(Supplied information Opens)

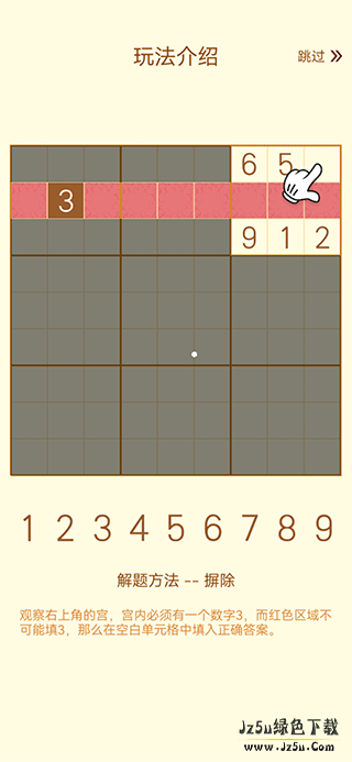 2、观察右上角的宫,宫内必须要有一个数字3,而红色区域不可能填3,那么这个空白单元格中只能填入数字3
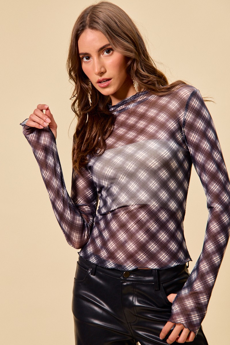 The Plaid Mesh Knit Long Sleeve Top with Thumb Opening combines a classic plaid pattern with a modern mesh knit design for a stylish look. This top features long sleeves with thumb openings for added comfort and a trendy twist. The mesh knit material adds a touch of texture and visual interest to the plaid pattern. Stay cozy and on-trend with this unique top that offers both style and functionality. Elevate your winter wardrobe with this plaid mesh knit top featuring thumb openings, perfect for adding a touch of edge to your outfit.
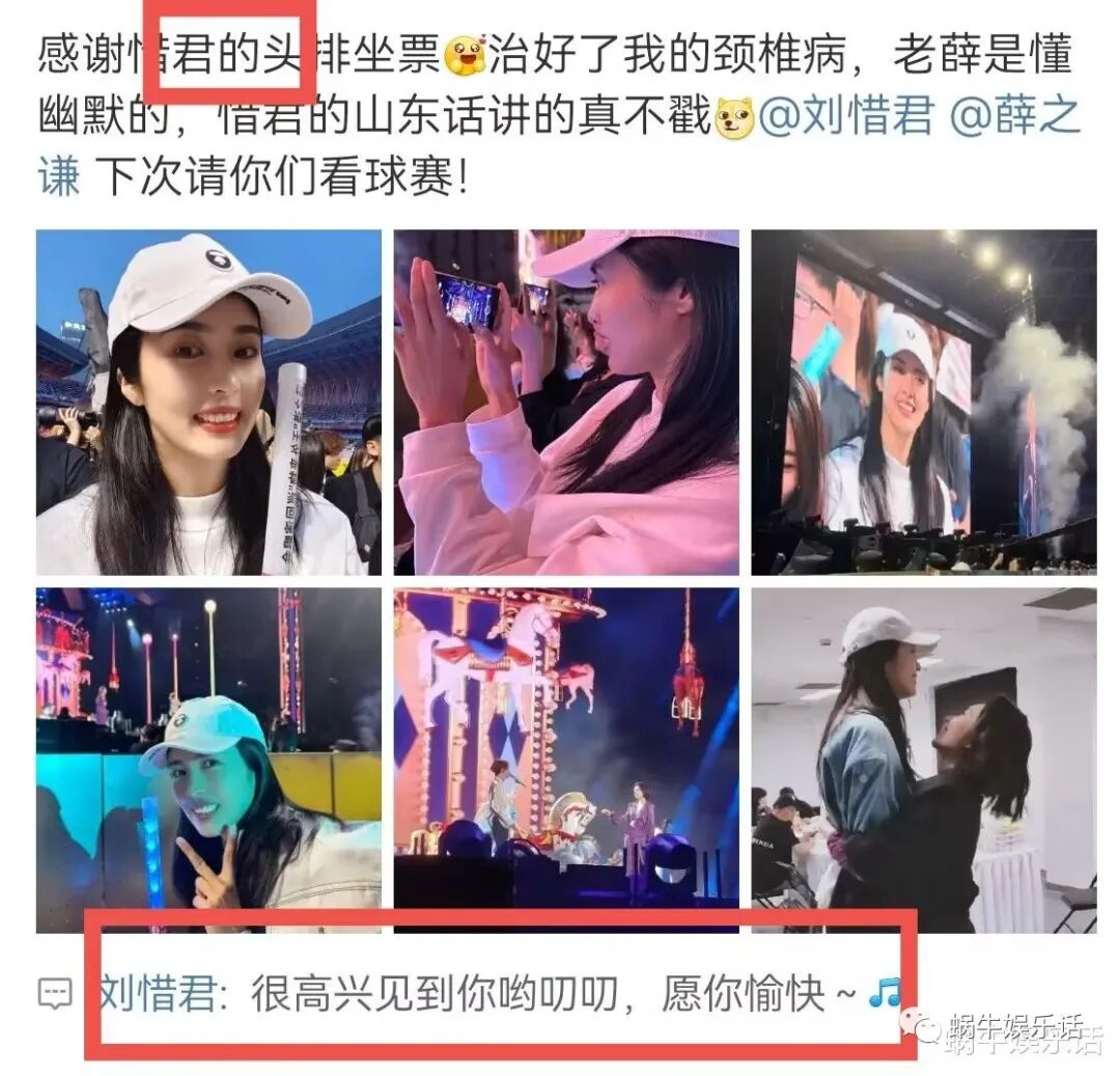 在节目中,我们也看不出来刘惜君和赵丽娜两个人有什么互动。但实际上,两个人私下的互动不少。赵丽娜去薛之谦的演唱会探班刘惜君,赵丽娜的头排坐票还是刘惜君给她的。赵丽娜本人还在社交平台上说,她和刘惜君对视的那一眼差点要尖叫。
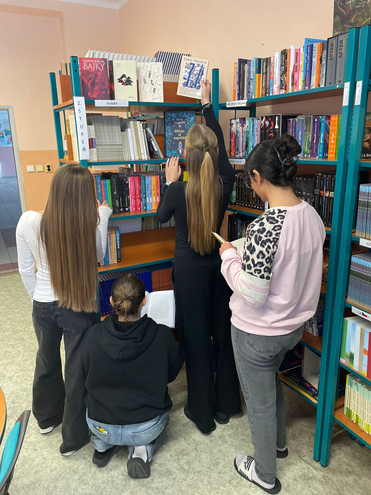 S vybalováním a rovnáním knih do polic mi ochotně pomohly žákyně, které si nové knížky s radostí prohlížely, listovaly jimi a obdivovaly jejich obálky. Bylo krásné sledovat jejich zaujetí a opravdový zájem o čtení.

(Supplied information Closes)

§ Task:
Print all the lines above again exactly, without any pictures.

§ Written solution:
 2、观察右上角的宫,宫内必须要有一个数字3,而红色区域不可能填3,那么这个空白单元格中只能填入数字3
 The Plaid Mesh Knit Long Sleeve Top with Thumb Opening combines a classic plaid pattern with a modern mesh knit design for a stylish look. This top features long sleeves with thumb openings for added comfort and a trendy twist. The mesh knit material adds a touch of texture and visual interest to the plaid pattern. Stay cozy and on-trend with this unique top that offers both style and functionality. Elevate your winter wardrobe with this plaid mesh knit top featuring thumb openings, perfect for adding a touch of edge to your outfit.
 在节目中,我们也看不出来刘惜君和赵丽娜两个人有什么互动。但实际上,两个人私下的互动不少。赵丽娜去薛之谦的演唱会探班刘惜君,赵丽娜的头排坐票还是刘惜君给她的。赵丽娜本人还在社交平台上说,她和刘惜君对视的那一眼差点要尖叫。
 S vybalováním a rovnáním knih do polic mi ochotně pomohly žákyně, které si nové knížky s radostí prohlížely, listovaly jimi a obdivovaly jejich obálky. Bylo krásné sledovat jejich zaujetí a opravdový zájem o čtení.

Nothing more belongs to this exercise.